9. Chers frères dans l’épiscopat, vous êtes à un moment crucial de l’histoire de la Grande Ile. A la lourde responsabilité qui pèse sur vos épaules, je sais que vous saurez associer largement vos prêtres, les religieux, les catéchistes, les militants d’action catholique, les divers mouvements. A chacun de vous revient la charge de guider l’ensemble de la pastorale; personne ne peut l’assumer à votre place.

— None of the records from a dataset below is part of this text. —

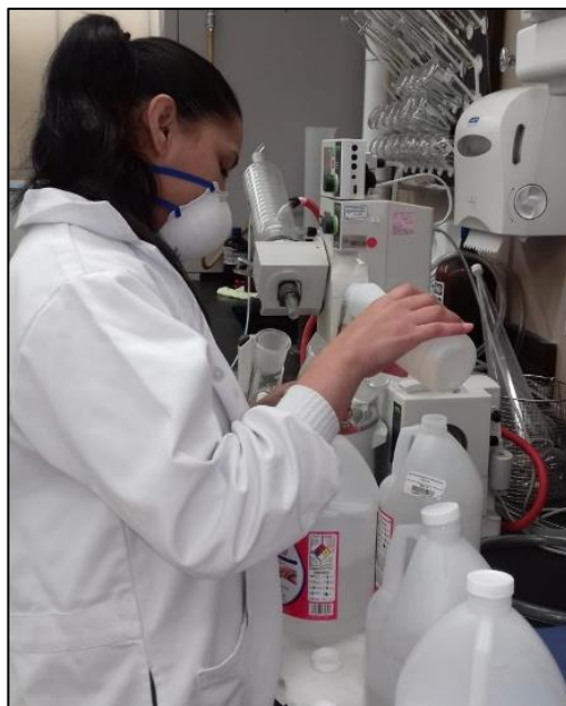
Control de Calidad prepara gel alcoholado para toda la Organización.
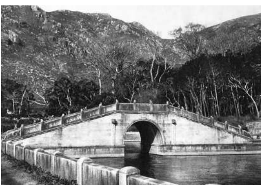
前往普陀山法雨寺经过的石桥
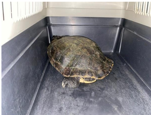
(49881, 49882, 49883 e 49884) Tigres d'água de orelha amarela sem histórico, trazidos de Bragança Paulista em 09-08-2024
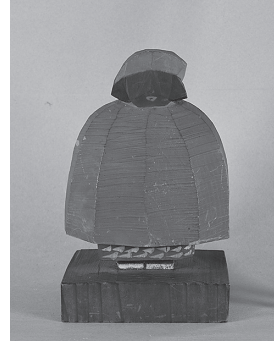
木村五郎《赤いマント》
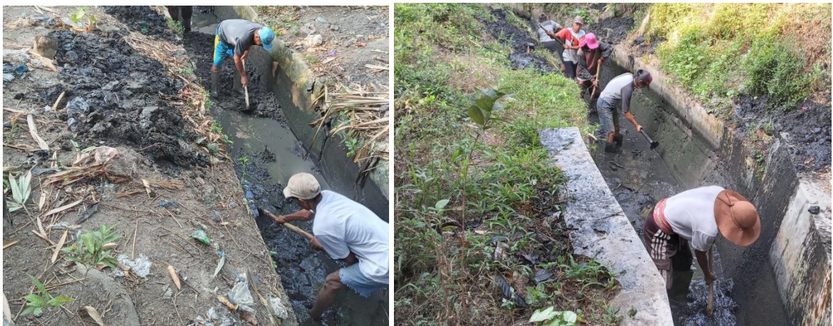
Gambar. Gotong Royong Angkat Walet Saluran Irigasi

Dalam rangka mewujudkan kemampuan dan kemandirian masyarakat di Kalurahan Timbulharjo, maka Pemerintah Kalurahan Timbulharjo melaksanakan Program Pemberdayaan Masyarakat Kalurahan. Program kerja tersebut merupakan upaya untuk meningkatkan pengetahuan, sikap, keterampilan, kemampuan, serta kesadaran memanfaatkan sumber daya melalui penetapan kebijakan, program, kegiatan, dan pendampingan yang sesuai dengan esensi masalah dan prioritas kebutuhan masyarakat Kalurahan. Strategi pemberdayaan Masyarakat Kalurahan didasarkan pada pengembangan ekonomi Kalurahan, Peningkatan Kapasitas Masyarakat, Penguatan Lembaga Kalurahan, Peningkatan akses terhadap inovasi, informasi dan teknologi, dan penggalian potensi yang dimiliki Masyarakat Kalurahan.
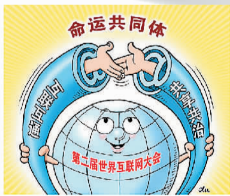
共建 徐骏作

当专机进入巴方领空时，8架“枭龙”战机起飞并全程护航；当习近平主席步出飞机舱门时，机场鸣放21响礼炮表示最高的敬意。时间回到2015年4月20日，这是习近平主席抵达巴基斯坦进行国事访问时的场景。习主席的年度首次出访，就获得了巴基斯坦这位老朋友的高规格礼遇。
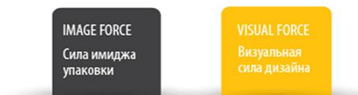
Рис. 1. Методика тестирования упаковки

Материалы и методика исследования. В процессе исследования использовалась модифицированная инновационная специальная методика, разработанная компанией Package Testing Lab (рис. 1).
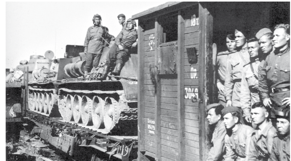
Эшелон с воинами и боевыми машинами Уральского добровольческого танкового корпуса, июнь 1943 года

В некоторых подразделениях разведки «чёрные нож» вручался новичкам только после взятия нескольких «языков» или других боевых испытаний.
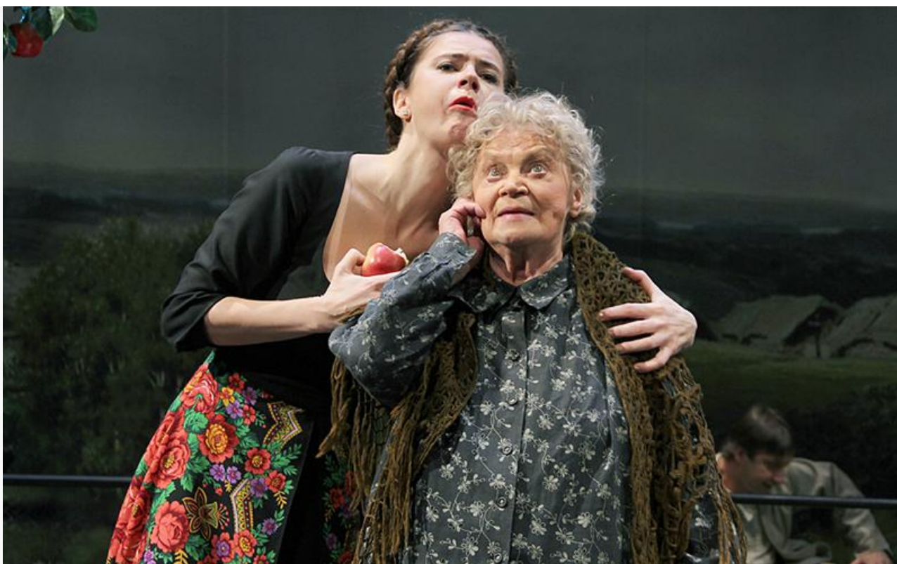
Филицата в спектакле «Правда – хорошо, а счастье лучше». МХТ имени Чехова, постановка 2015 года
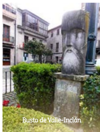
Busto de Valle-Inclán

Este escritor gallego (1866-1936) es el creador del esperpento , un género literario que usa descripciones distorsionadas de la realidad para criticar a la sociedad. Algunas de sus obras
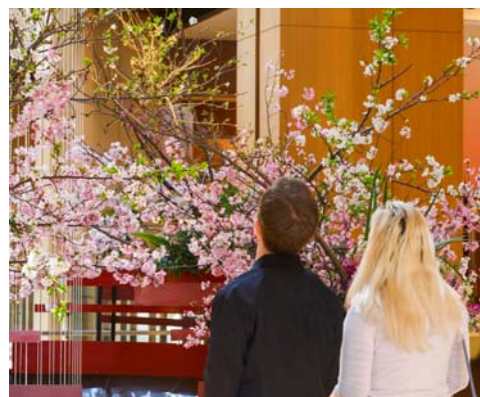
▲昨年の様子 (ガレリア)
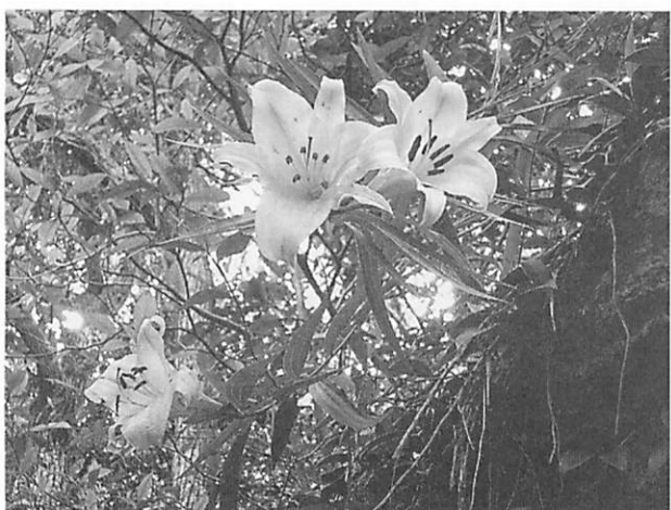
Lilium alexandrae ウケユリ

Mais, sur un certain nombre de points, pour mieux incarner le message chrétien, des échanges et une concertation seront utiles avec vos confrères du continent africain, quelle que soit la forme de collaboration qui sera retenue comme opportune. Et, au-delà de ce continent, l’Eglise universelle garantit continuellement l’authenticité du progrès chrétien, en harmonie avec la Tradition vivante de l’Eglise. Celle-ci maintient l’originalité du sel et du levain évangéliques, avec la doctrine et la discipline ecclésiastique communes à tous; elle permet de discerner les meilleures conditions de la marche en avant, avec la prudence et l’audace qui conviennent. N’est-ce pas la raison d’être de votre réunion autour du successeur de Pierre, principe et fondement de l’unité de toutes les Eglises?

En vous assurant que je demeure proche de vos efforts pastoraux, je prie Dieu de fortifier en vous le zèle, la paix et l’espérance, et je bénis de grand cœur vos personnes, tous ceux qui collaborent avec vous, chacun de vos diocèses et le peuple malgache tout entier.